MATERIAL PROVIDED:
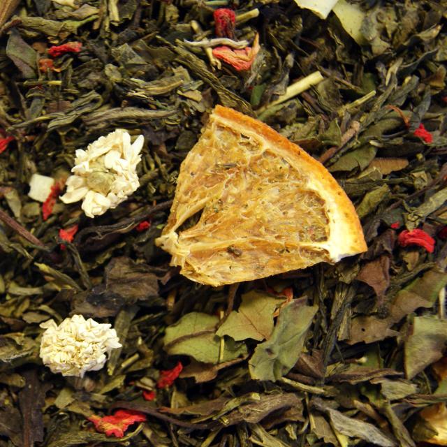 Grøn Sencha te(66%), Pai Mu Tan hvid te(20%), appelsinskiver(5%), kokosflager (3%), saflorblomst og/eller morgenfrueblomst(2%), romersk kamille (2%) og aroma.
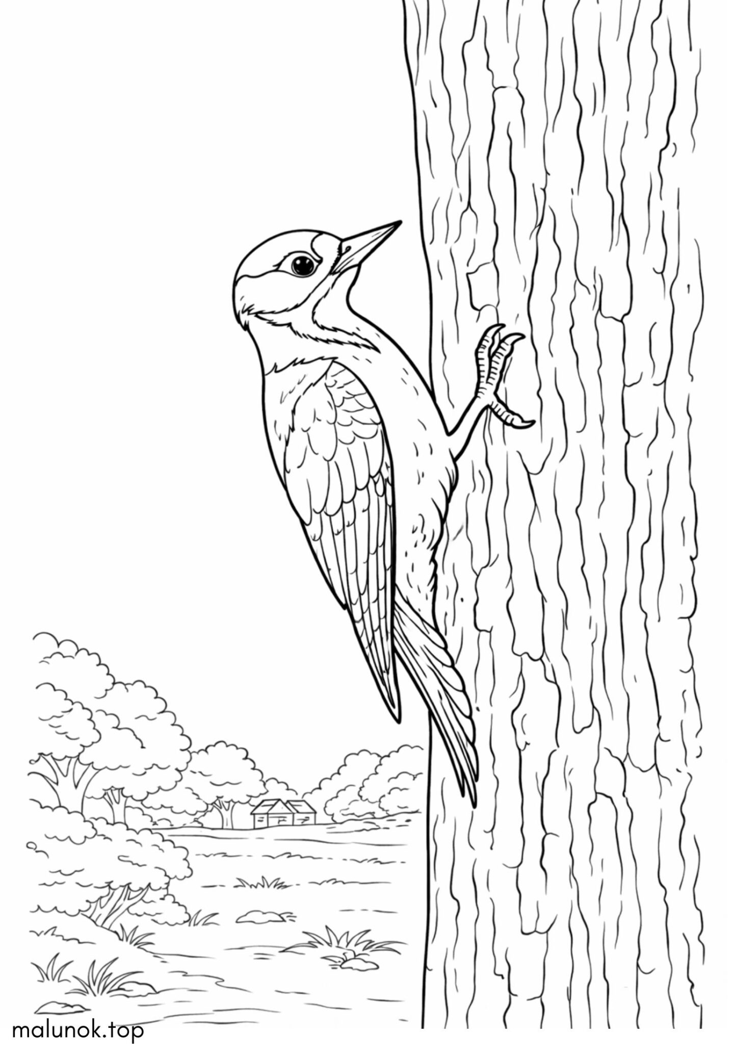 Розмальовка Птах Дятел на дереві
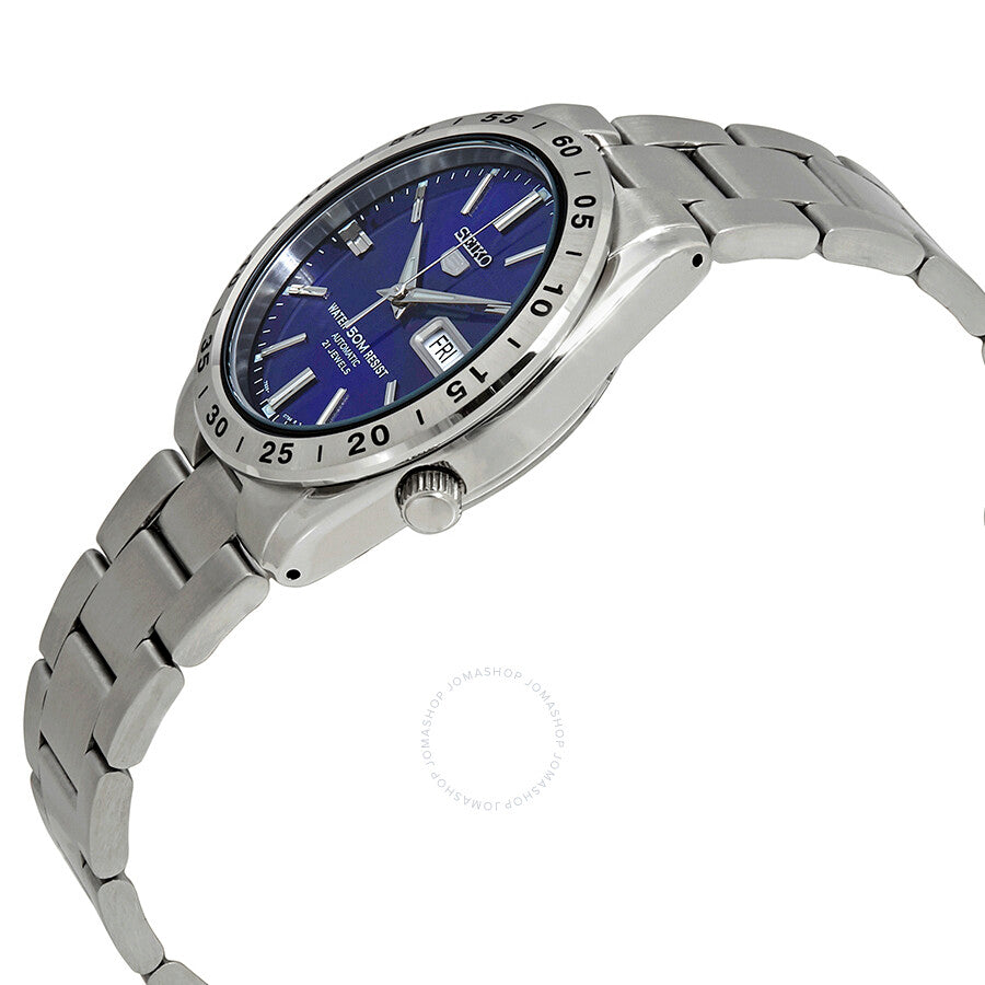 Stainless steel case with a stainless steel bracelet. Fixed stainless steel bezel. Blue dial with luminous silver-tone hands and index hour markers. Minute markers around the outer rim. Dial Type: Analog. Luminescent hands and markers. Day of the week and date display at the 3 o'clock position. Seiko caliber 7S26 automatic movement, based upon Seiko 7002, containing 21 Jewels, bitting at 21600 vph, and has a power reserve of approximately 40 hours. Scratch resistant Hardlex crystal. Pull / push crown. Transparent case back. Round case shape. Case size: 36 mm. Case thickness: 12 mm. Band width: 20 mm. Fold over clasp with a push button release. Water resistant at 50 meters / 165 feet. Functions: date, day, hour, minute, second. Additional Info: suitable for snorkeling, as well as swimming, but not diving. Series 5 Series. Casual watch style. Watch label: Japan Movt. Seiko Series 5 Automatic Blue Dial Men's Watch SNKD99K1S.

---

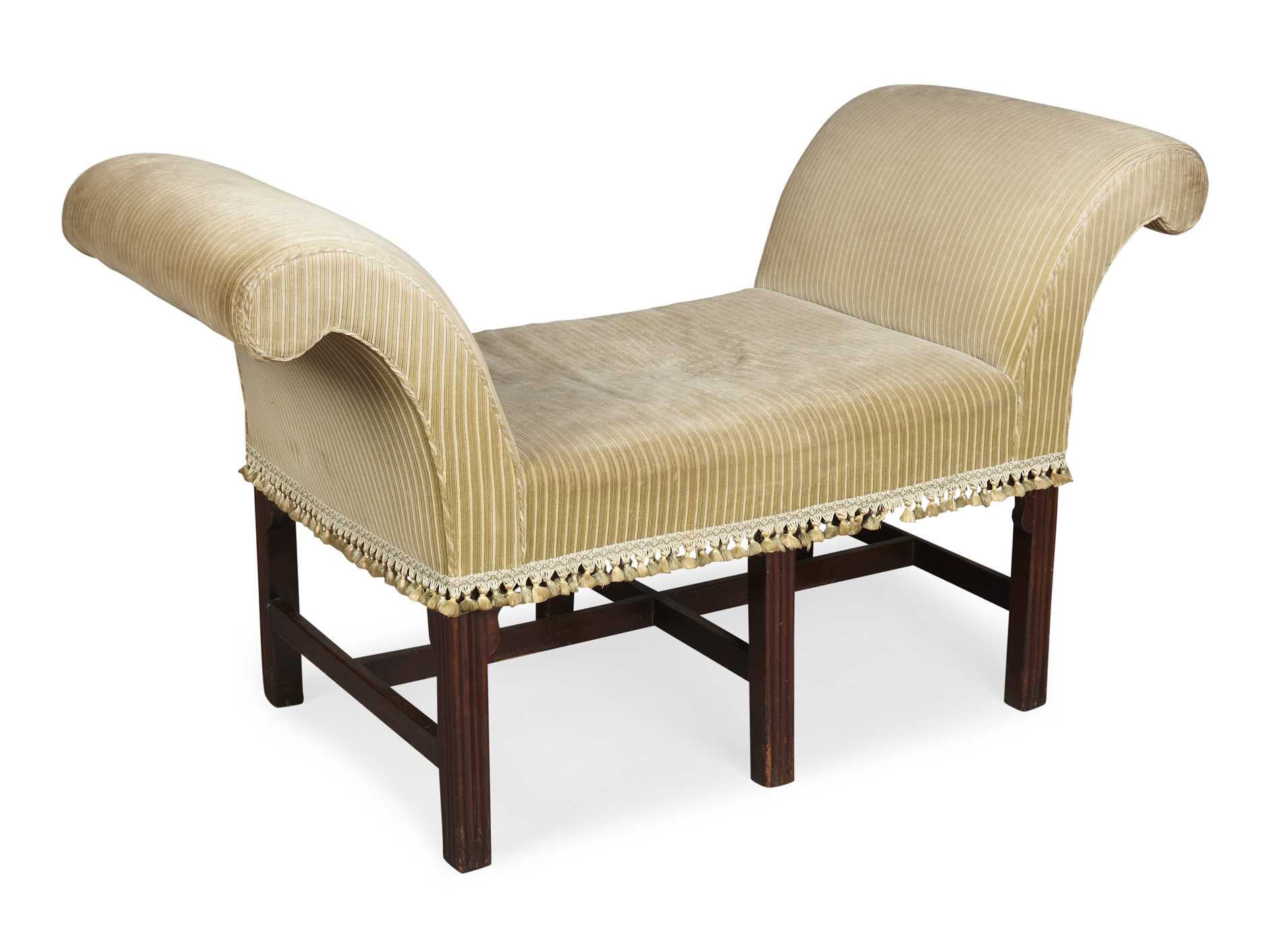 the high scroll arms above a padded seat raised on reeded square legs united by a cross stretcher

* * *

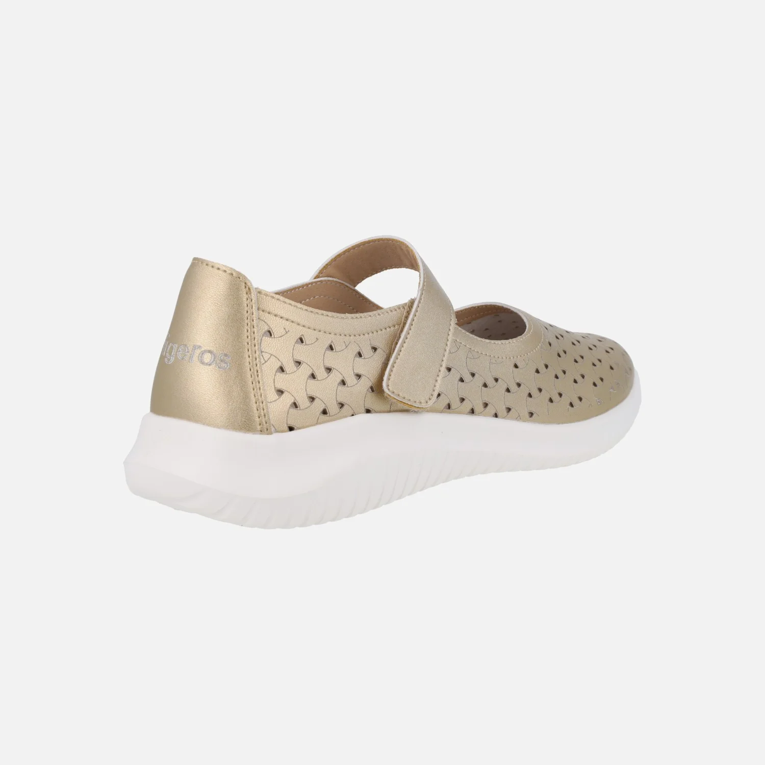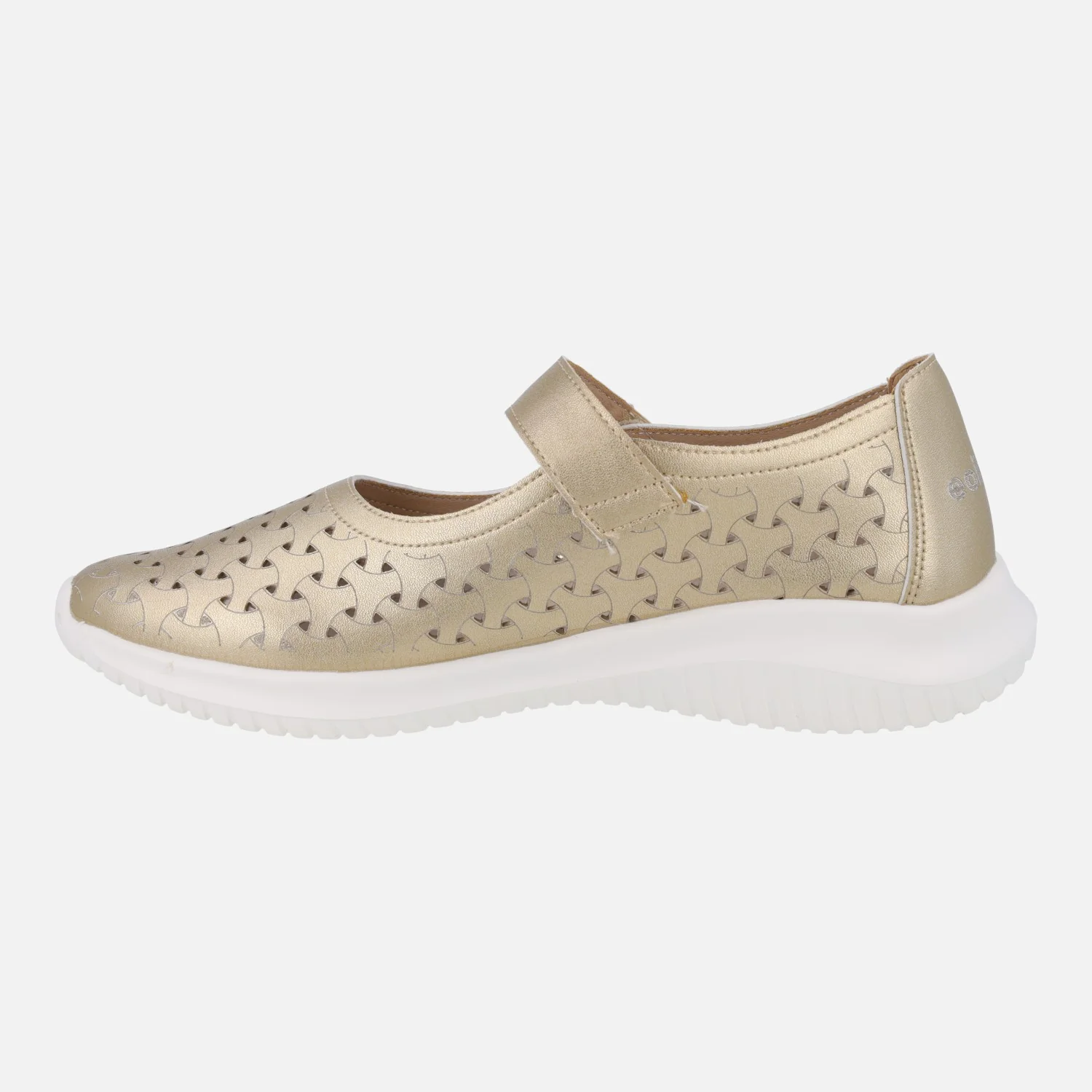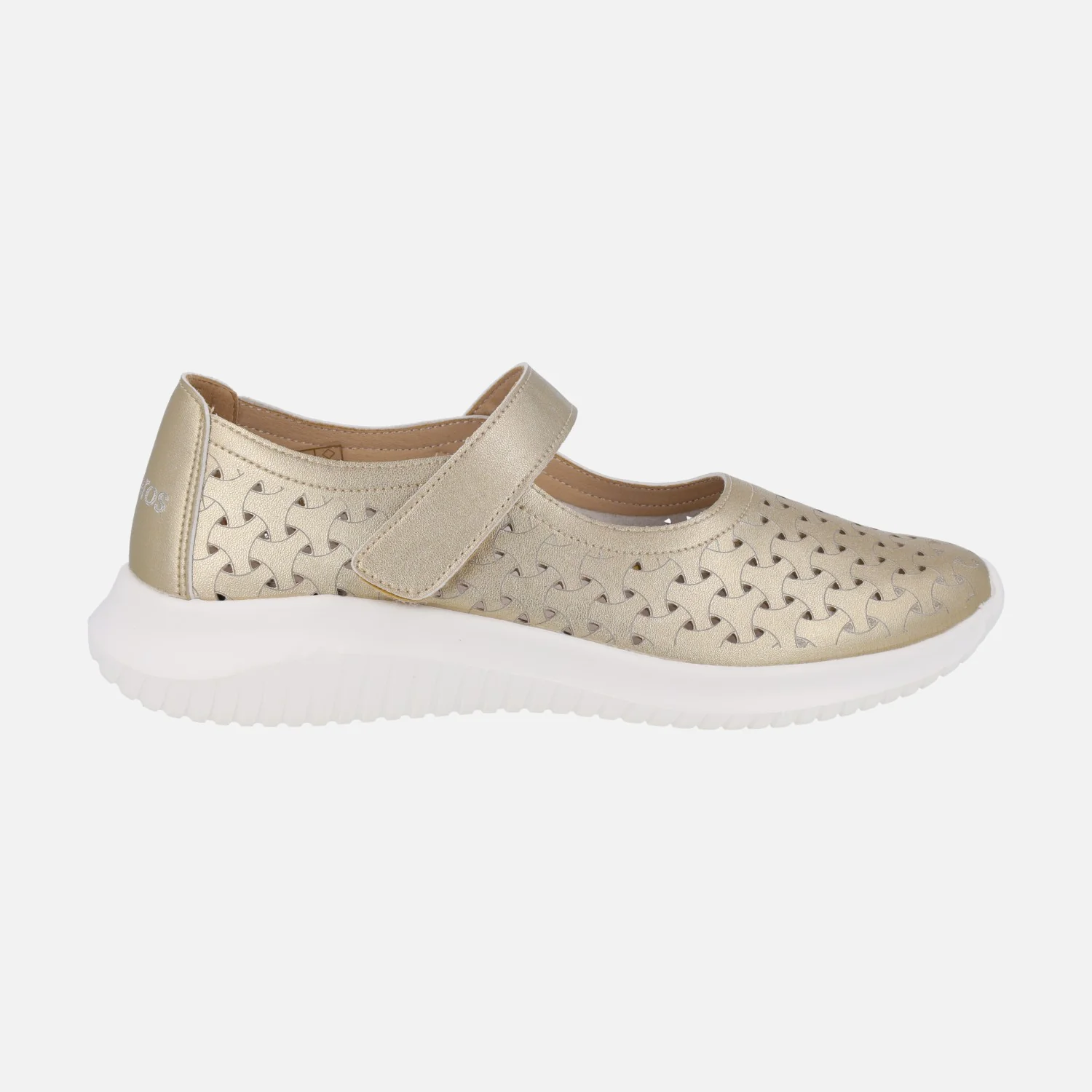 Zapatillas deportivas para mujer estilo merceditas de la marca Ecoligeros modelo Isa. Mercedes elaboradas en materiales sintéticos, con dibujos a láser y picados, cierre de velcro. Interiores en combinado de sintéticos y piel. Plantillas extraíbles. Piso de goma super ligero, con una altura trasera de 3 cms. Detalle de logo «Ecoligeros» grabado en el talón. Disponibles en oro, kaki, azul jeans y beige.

PROBLEM TO SOLVE: Look above for the line with "Grøn Sencha te(66%), Pai" and the line with "Stainless steel case". Give again exactly those two lines and all lines between them, pictures excluded.

ANSWER BOX:
 Grøn Sencha te(66%), Pai Mu Tan hvid te(20%), appelsinskiver(5%), kokosflager (3%), saflorblomst og/eller morgenfrueblomst(2%), romersk kamille (2%) og aroma.
 Розмальовка Птах Дятел на дереві
 Stainless steel case with a stainless steel bracelet. Fixed stainless steel bezel. Blue dial with luminous silver-tone hands and index hour markers. Minute markers around the outer rim. Dial Type: Analog. Luminescent hands and markers. Day of the week and date display at the 3 o'clock position. Seiko caliber 7S26 automatic movement, based upon Seiko 7002, containing 21 Jewels, bitting at 21600 vph, and has a power reserve of approximately 40 hours. Scratch resistant Hardlex crystal. Pull / push crown. Transparent case back. Round case shape. Case size: 36 mm. Case thickness: 12 mm. Band width: 20 mm. Fold over clasp with a push button release. Water resistant at 50 meters / 165 feet. Functions: date, day, hour, minute, second. Additional Info: suitable for snorkeling, as well as swimming, but not diving. Series 5 Series. Casual watch style. Watch label: Japan Movt. Seiko Series 5 Automatic Blue Dial Men's Watch SNKD99K1S.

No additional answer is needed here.